▶ Task statement
Your copy should start at the line with "Sa Mola 13 Café, Sineu, Mallorca" and end at the line with "Figura 1. Campus en Bogotá" in the data below. Transcribe only those lines, exactly, pictures excluded.

▶ Data extracts
▽
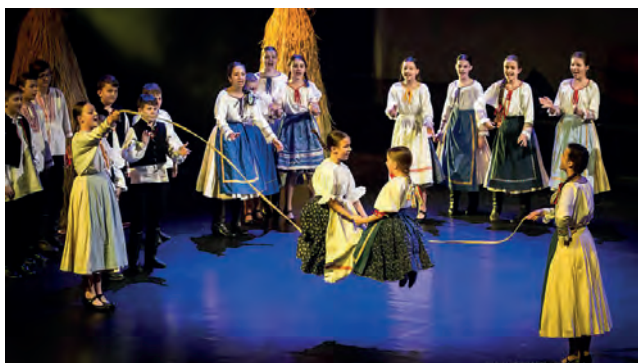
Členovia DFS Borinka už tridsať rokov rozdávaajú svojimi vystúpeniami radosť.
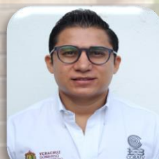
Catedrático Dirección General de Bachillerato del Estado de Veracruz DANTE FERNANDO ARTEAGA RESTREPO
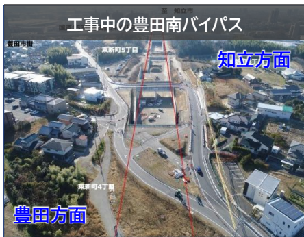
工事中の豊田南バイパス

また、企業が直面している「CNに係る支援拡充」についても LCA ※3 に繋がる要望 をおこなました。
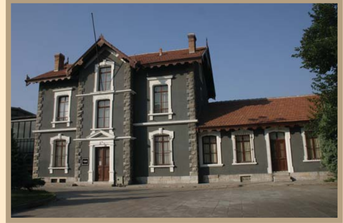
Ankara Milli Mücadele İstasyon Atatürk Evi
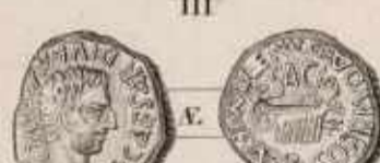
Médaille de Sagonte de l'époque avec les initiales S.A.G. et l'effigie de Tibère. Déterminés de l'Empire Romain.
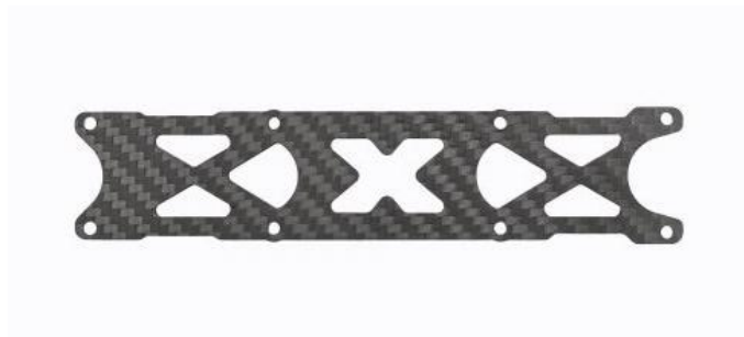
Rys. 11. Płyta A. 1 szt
△
▽
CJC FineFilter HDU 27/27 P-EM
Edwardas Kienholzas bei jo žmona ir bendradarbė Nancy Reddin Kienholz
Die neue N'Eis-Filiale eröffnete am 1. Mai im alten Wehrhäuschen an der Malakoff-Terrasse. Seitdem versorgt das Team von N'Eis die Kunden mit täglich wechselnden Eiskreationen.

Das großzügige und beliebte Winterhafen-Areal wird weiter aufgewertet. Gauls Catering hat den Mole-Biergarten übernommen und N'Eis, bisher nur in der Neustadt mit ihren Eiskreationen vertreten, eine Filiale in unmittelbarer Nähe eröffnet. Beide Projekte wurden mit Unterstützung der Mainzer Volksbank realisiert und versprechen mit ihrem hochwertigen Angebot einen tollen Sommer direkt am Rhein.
△
▽
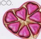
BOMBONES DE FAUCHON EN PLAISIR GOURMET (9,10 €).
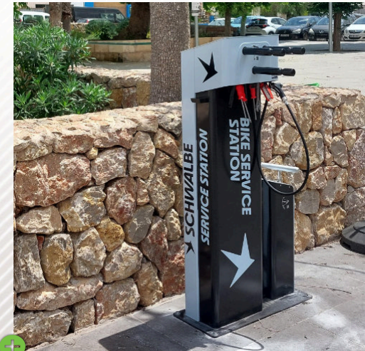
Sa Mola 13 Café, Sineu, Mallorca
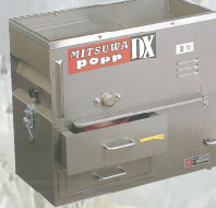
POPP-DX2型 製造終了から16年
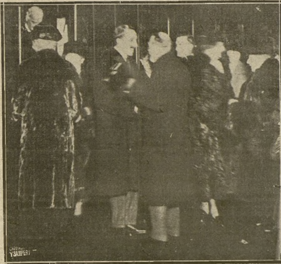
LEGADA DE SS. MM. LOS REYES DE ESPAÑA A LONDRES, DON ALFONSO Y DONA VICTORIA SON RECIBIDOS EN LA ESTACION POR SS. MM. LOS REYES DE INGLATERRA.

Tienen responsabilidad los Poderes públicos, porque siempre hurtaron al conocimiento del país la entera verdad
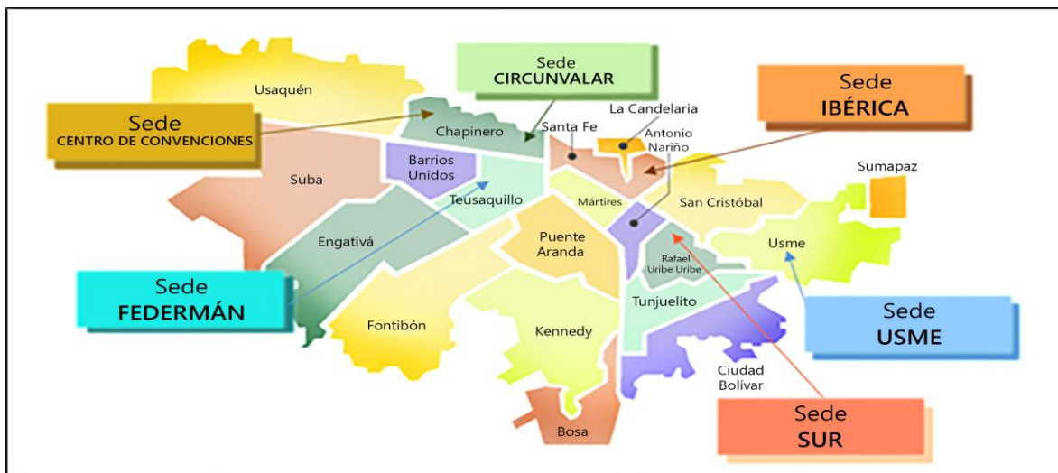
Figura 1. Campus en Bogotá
△
▶ Solution for this exercise
Sa Mola 13 Café, Sineu, Mallorca
POPP-DX2型 製造終了から16年
LEGADA DE SS. MM. LOS REYES DE ESPAÑA A LONDRES, DON ALFONSO Y DONA VICTORIA SON RECIBIDOS EN LA ESTACION POR SS. MM. LOS REYES DE INGLATERRA.

Tienen responsabilidad los Poderes públicos, porque siempre hurtaron al conocimiento del país la entera verdad
Figura 1. Campus en Bogotá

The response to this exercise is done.